Data for processing Block Start
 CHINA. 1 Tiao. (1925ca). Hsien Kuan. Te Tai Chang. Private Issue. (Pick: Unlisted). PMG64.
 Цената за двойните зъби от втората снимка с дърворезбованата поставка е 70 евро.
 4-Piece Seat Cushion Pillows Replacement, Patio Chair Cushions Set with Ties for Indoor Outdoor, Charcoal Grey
Data for processing Block End
Data for processing Block Start
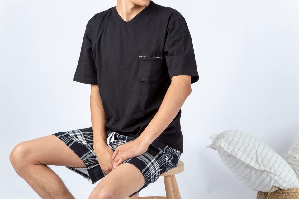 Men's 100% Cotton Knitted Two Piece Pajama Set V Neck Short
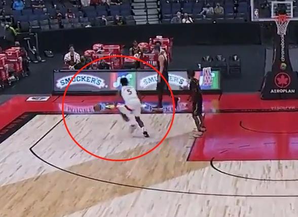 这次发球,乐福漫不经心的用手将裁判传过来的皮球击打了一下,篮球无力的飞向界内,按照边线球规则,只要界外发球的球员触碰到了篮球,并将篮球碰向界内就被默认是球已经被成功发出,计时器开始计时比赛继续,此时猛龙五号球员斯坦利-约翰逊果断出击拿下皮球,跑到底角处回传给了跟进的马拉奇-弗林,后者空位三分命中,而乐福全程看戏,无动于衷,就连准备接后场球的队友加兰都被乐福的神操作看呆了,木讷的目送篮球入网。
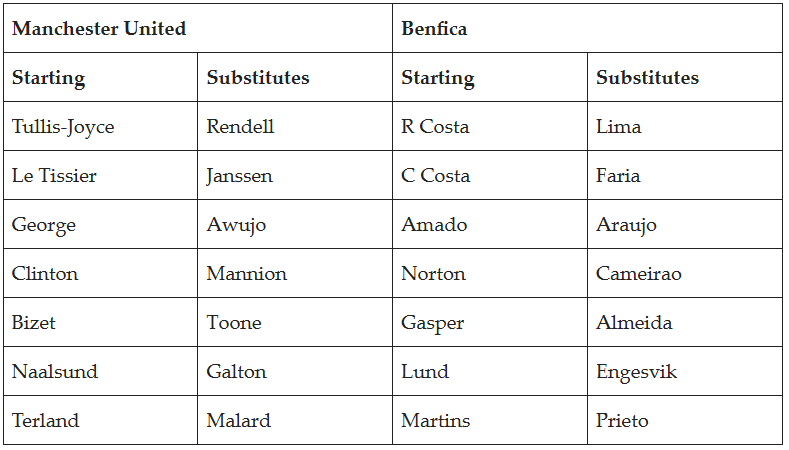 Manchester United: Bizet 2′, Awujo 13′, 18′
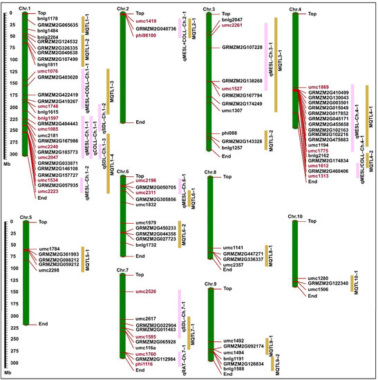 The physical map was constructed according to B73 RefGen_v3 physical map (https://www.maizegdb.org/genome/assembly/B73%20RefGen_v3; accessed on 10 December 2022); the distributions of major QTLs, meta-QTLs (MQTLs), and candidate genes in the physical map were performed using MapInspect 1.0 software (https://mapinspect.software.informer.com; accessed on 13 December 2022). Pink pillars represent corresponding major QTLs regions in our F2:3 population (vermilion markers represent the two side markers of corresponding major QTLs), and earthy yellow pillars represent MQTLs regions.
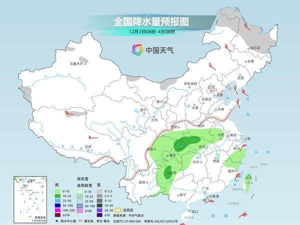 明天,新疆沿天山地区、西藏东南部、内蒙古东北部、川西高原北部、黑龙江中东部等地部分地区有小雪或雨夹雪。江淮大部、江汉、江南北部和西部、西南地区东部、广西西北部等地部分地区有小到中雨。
Data for processing Block End
• _What needs to be done_: Among the lines above, repeat exactly those from the line with "CHINA. 1 Tiao." to the line with "4-Piece Seat Cushion", counting both ends.

• _Answer box_:
 CHINA. 1 Tiao. (1925ca). Hsien Kuan. Te Tai Chang. Private Issue. (Pick: Unlisted). PMG64.
 Цената за двойните зъби от втората снимка с дърворезбованата поставка е 70 евро.
 4-Piece Seat Cushion Pillows Replacement, Patio Chair Cushions Set with Ties for Indoor Outdoor, Charcoal Grey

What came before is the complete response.